[THE PROBLEM] Write the lines out again, from the top of the material to the line containing "TCC Tan Cowgirl", pictures excluded.

[DATA TO PROCESS]
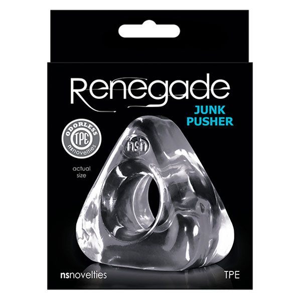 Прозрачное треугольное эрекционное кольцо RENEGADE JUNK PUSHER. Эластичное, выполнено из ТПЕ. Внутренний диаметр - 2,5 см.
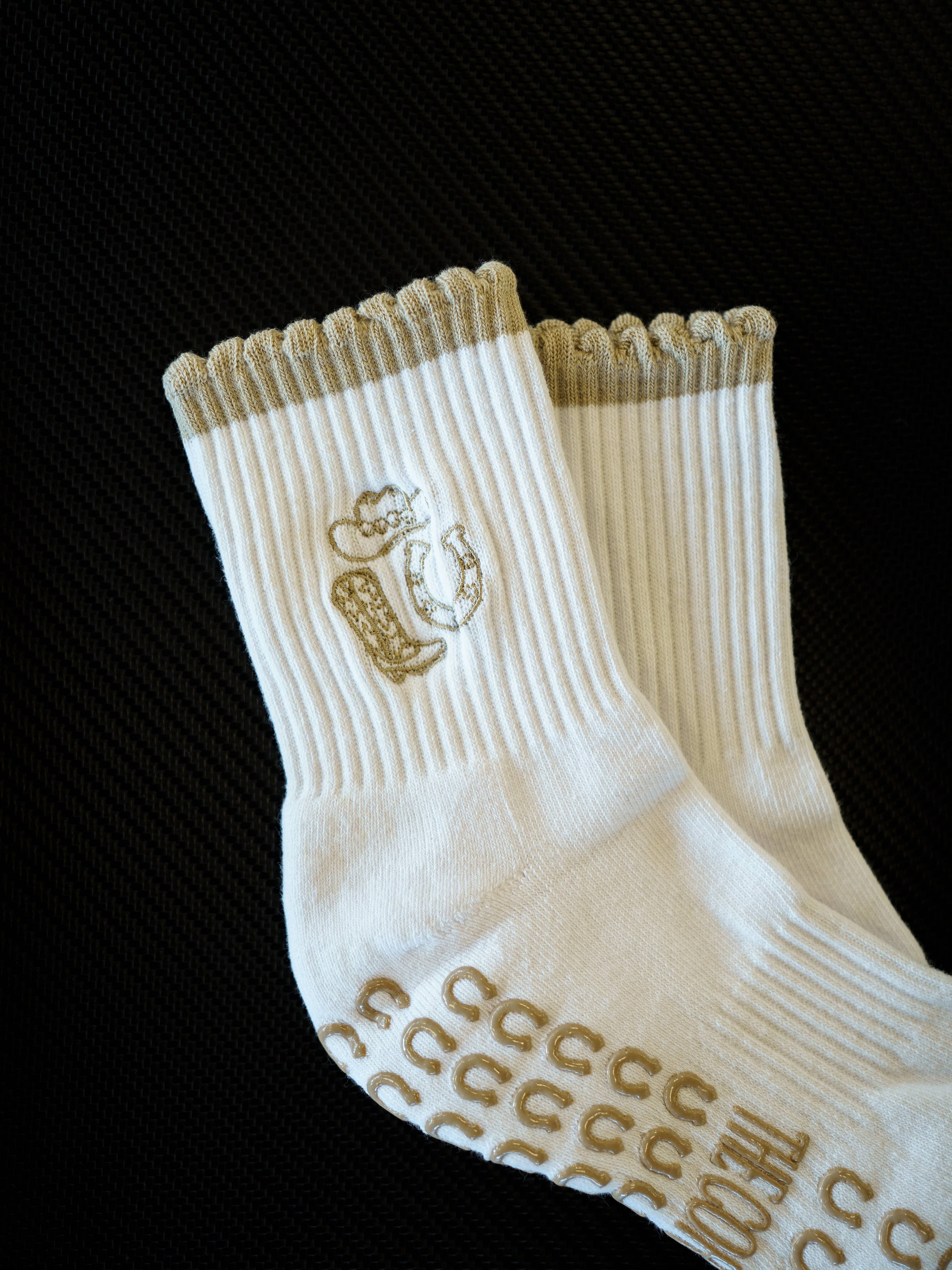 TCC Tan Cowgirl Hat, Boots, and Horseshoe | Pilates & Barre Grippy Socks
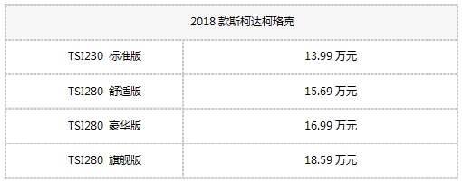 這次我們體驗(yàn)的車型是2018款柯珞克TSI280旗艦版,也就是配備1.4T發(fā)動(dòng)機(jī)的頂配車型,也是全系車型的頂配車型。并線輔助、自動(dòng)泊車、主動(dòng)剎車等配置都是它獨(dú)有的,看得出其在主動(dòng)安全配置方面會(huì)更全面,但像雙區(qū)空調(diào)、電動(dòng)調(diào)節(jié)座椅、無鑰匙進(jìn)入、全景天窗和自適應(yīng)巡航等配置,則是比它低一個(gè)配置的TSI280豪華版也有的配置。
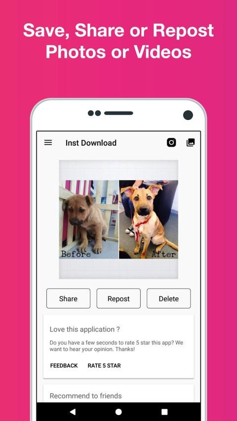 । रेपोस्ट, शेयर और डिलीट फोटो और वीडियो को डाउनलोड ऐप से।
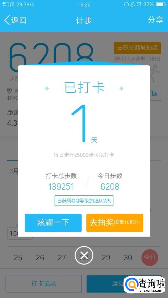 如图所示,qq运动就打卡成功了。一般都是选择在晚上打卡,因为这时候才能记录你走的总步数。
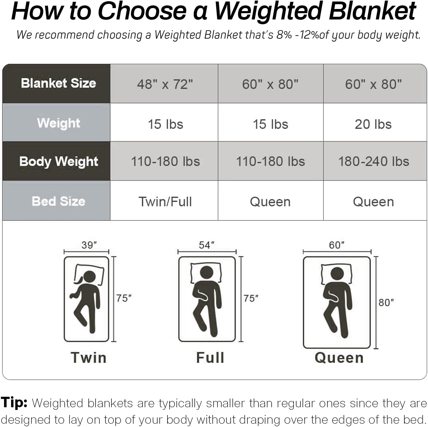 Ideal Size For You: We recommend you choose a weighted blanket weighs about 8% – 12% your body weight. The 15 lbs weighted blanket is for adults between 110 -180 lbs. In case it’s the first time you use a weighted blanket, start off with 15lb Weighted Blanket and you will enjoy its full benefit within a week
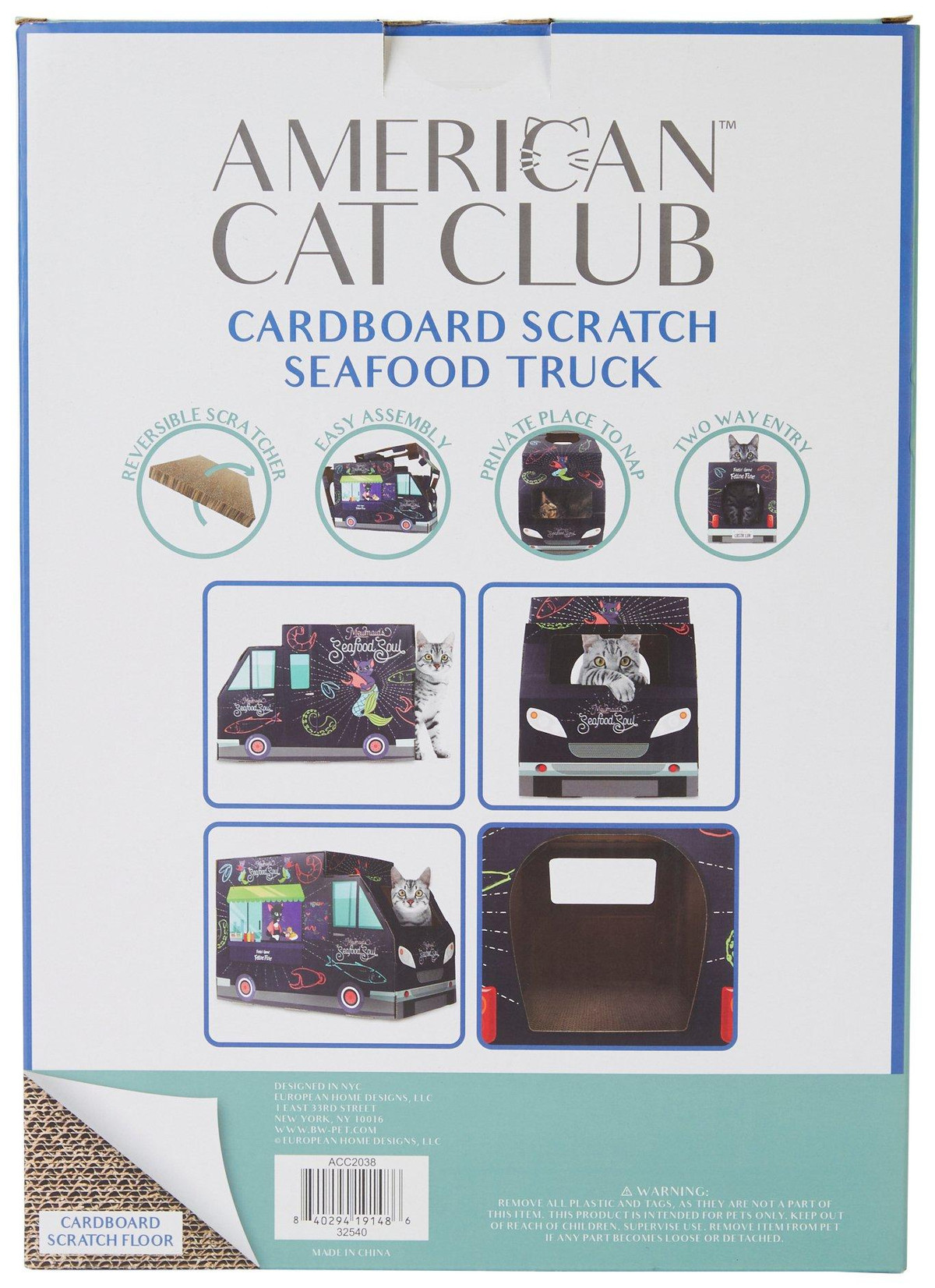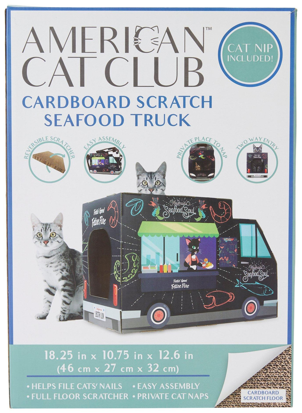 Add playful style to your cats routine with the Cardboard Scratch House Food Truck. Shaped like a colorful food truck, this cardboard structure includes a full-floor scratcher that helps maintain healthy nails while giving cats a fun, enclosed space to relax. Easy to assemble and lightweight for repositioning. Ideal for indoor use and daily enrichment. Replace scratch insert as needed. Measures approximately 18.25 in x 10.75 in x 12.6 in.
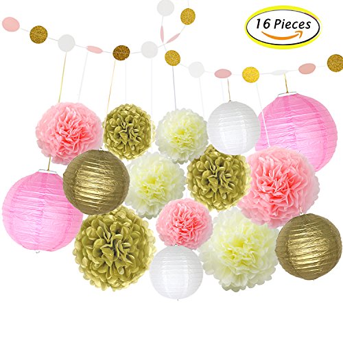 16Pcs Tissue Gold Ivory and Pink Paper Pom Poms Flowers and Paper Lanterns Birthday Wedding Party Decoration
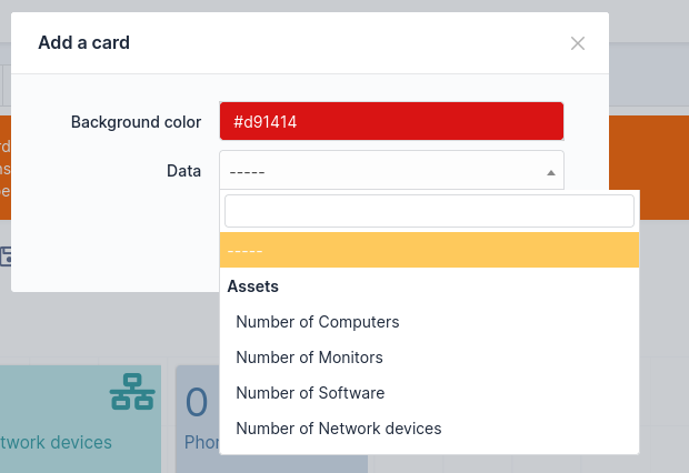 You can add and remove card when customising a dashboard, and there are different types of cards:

[RESULT OF THE EXERCISE]
 Прозрачное треугольное эрекционное кольцо RENEGADE JUNK PUSHER. Эластичное, выполнено из ТПЕ. Внутренний диаметр - 2,5 см.
 TCC Tan Cowgirl Hat, Boots, and Horseshoe | Pilates & Barre Grippy Socks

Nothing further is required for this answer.